[[ SUPPLIED MATERIAL, beginning ]]
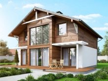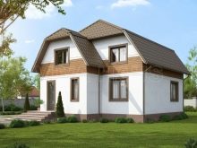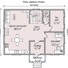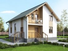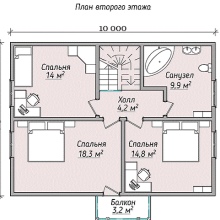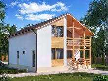 الخيار 2. منزل من طابقين مصنوع من ألواح SIP ، بقياس 10×7.5 متر مربع. م ، مع شرفة وشرفة. يحتوي مخطط الطابقين على قاعات مركزية بمداخل منفصلة لكل غرفة. يوجد في الطابق الأول غرفة معيشة مع مطبخ ومكتب وحمام وغرفة تقنية. يوجد في الجزء العلوي من المنزل الريفي 3 غرف نوم وحمام كبير.
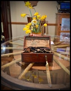 (By the way, the glass-top table was crafted using a wheel from the Spiker Buggy. The daffodils are from Grandma Gay’s garden on the hillside at the Spiker farm.)
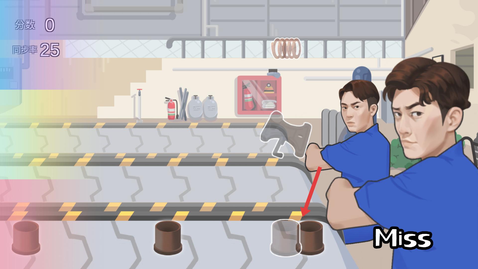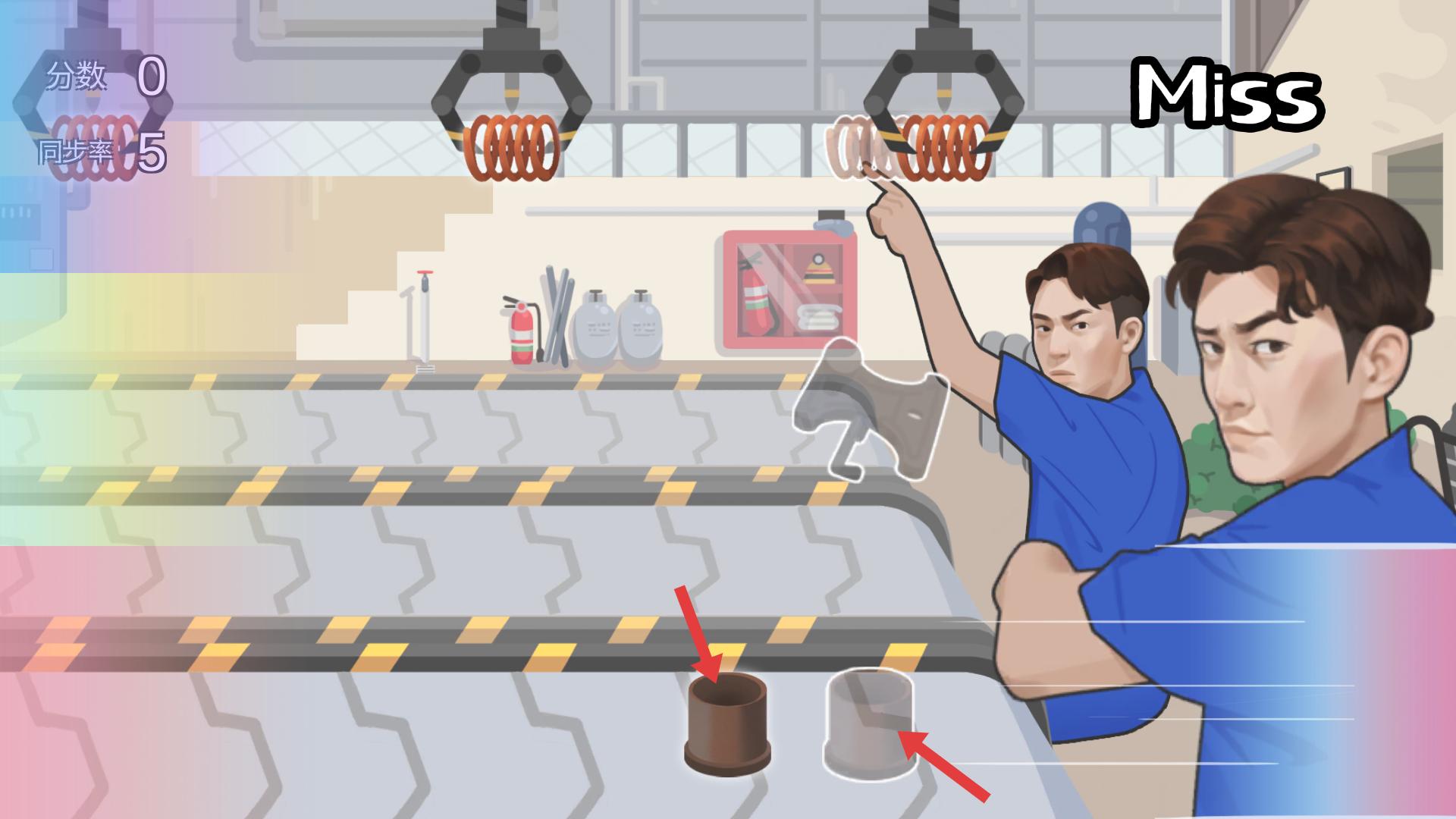 4、要專注道具的下落時機,確保其準確落入容器,若操作失誤出現Miss,需調整節奏,提升精準度。
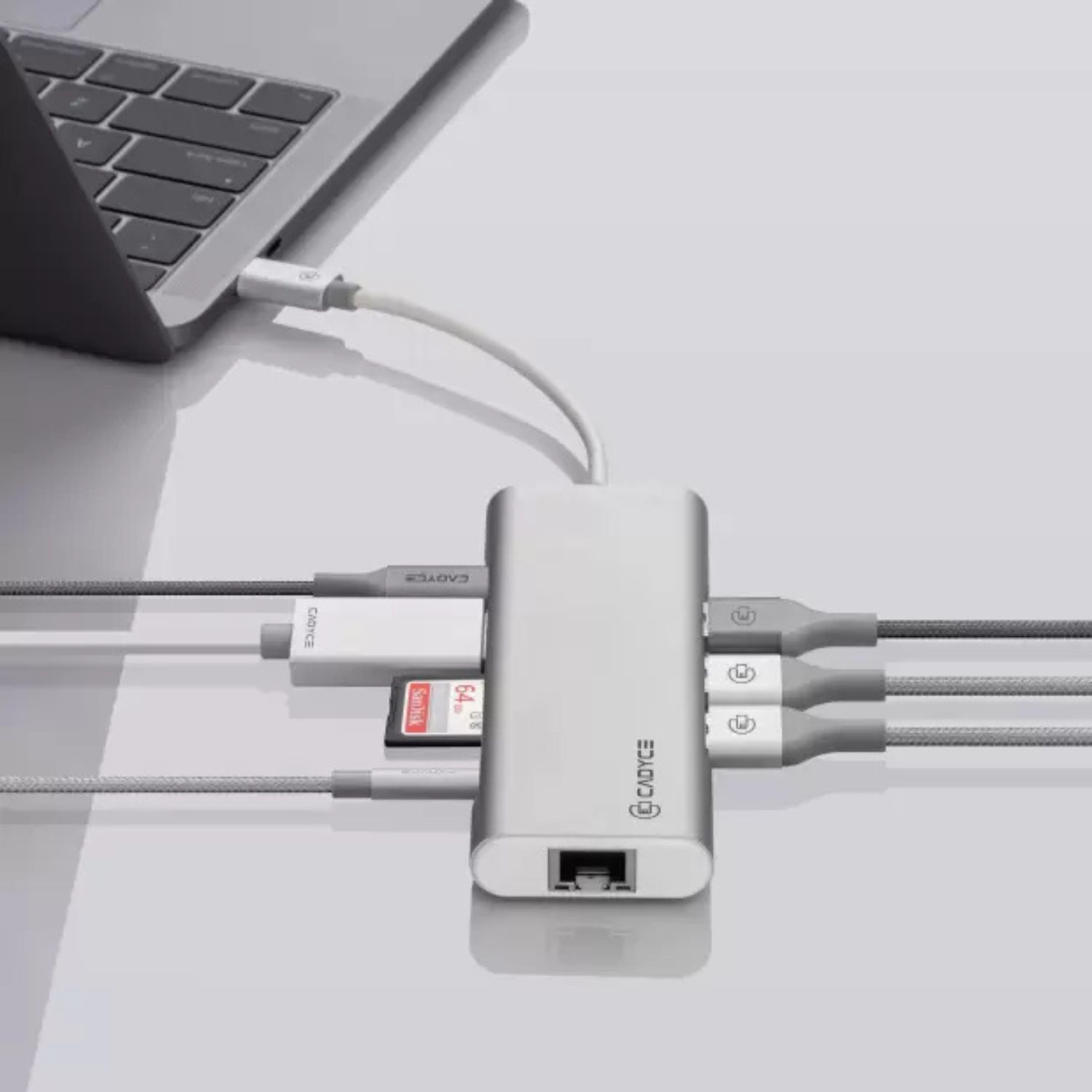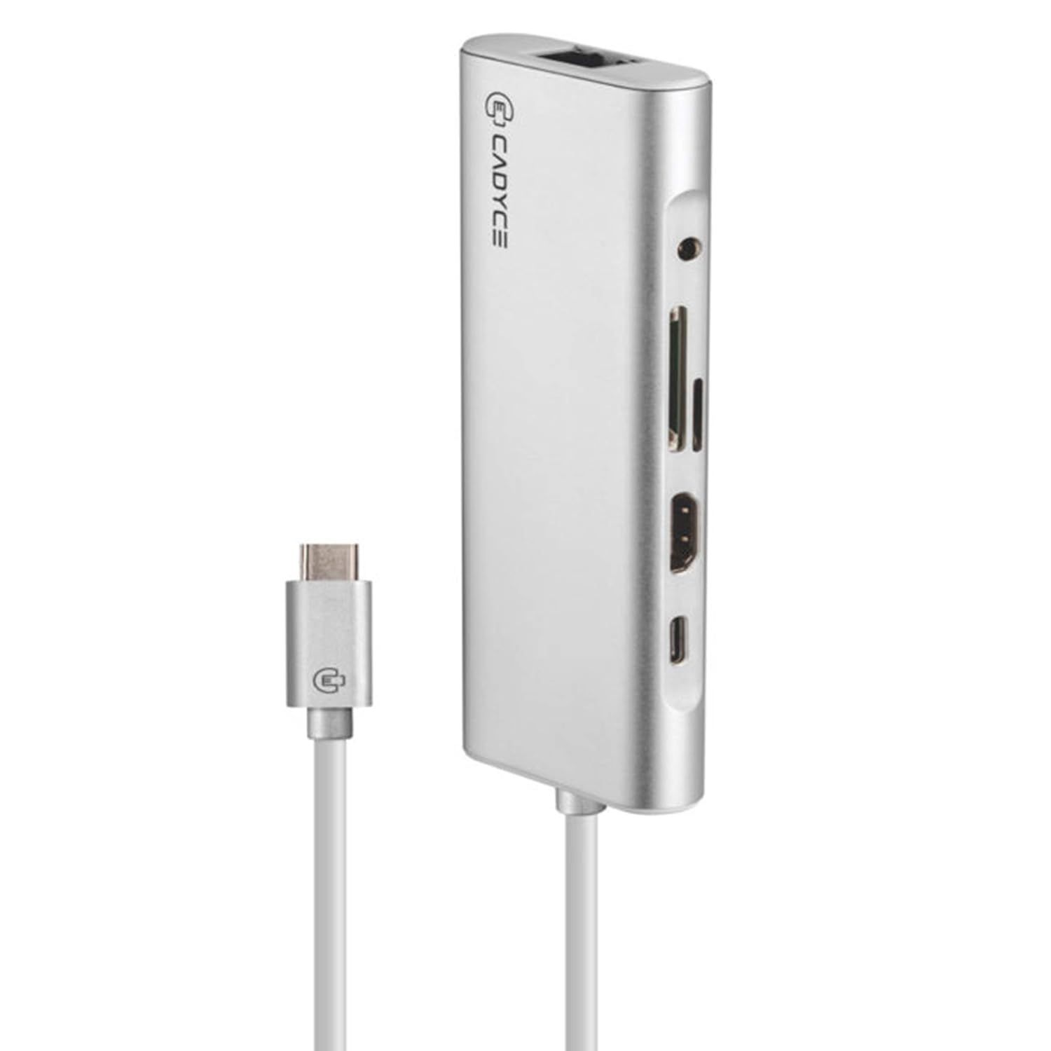Cadyce CA-CXTDS Type-C Travelling Dock with Audio is a premium 8-in-1 USB-C hub built for professionals who need full desktop connectivity anywhere. It expands your USB-C / Thunderbolt 3 laptop with HDMI, Ethernet, SD and microSD card slots, three USB 3.0 ports, 3.5 mm audio jack, and USB-C PD charging up to 100 W.
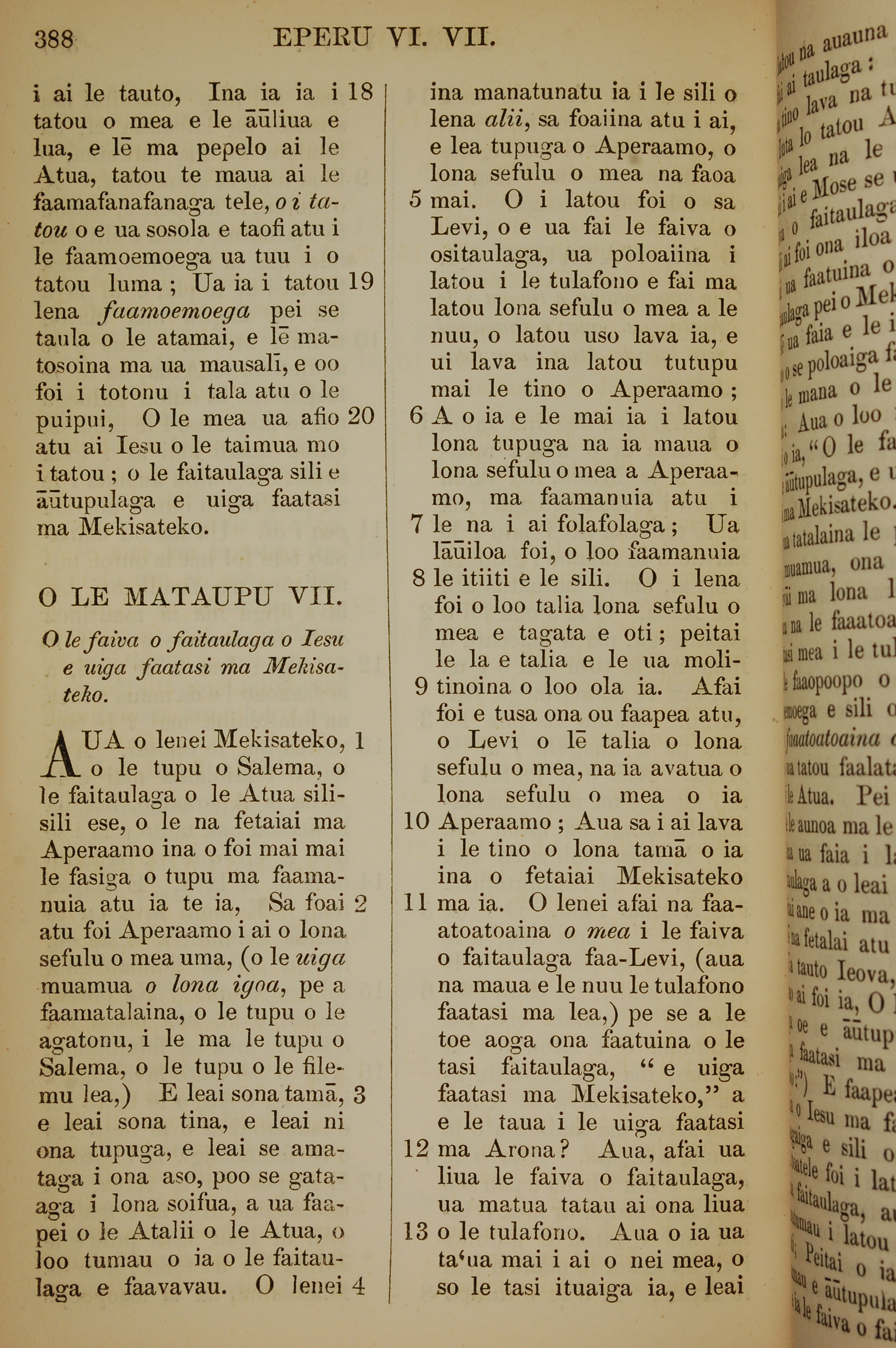 1849年薩摩亞語新約全書 希伯來書 6 章 18 節到 7 章 13 節
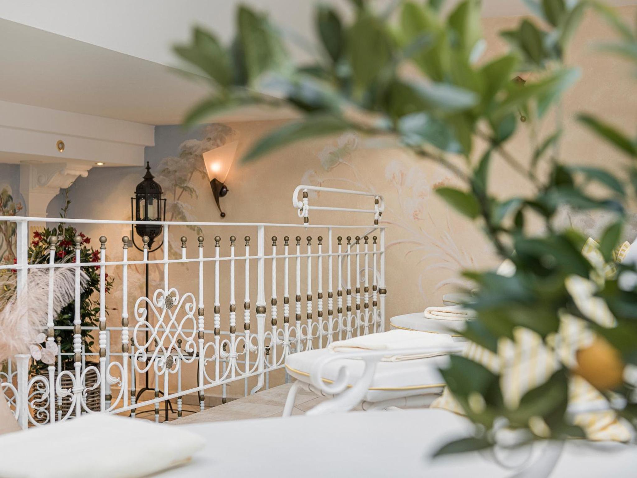 Indulge in relaxation at Apparthotel Veronika's spa area, boasting an indoor pool, hydrotherapy massage bed, infrared cabin, steam room, and wooden dry sauna.
[[ SUPPLIED MATERIAL, end ]]
THE TASK:
Without the pictures, copy the entries from their first line through the line containing "4、要專注道具的下落時機,確", and only those lines.

THE ANSWER:
 الخيار 2. منزل من طابقين مصنوع من ألواح SIP ، بقياس 10×7.5 متر مربع. م ، مع شرفة وشرفة. يحتوي مخطط الطابقين على قاعات مركزية بمداخل منفصلة لكل غرفة. يوجد في الطابق الأول غرفة معيشة مع مطبخ ومكتب وحمام وغرفة تقنية. يوجد في الجزء العلوي من المنزل الريفي 3 غرف نوم وحمام كبير.
 (By the way, the glass-top table was crafted using a wheel from the Spiker Buggy. The daffodils are from Grandma Gay’s garden on the hillside at the Spiker farm.)
 4、要專注道具的下落時機,確保其準確落入容器,若操作失誤出現Miss,需調整節奏,提升精準度。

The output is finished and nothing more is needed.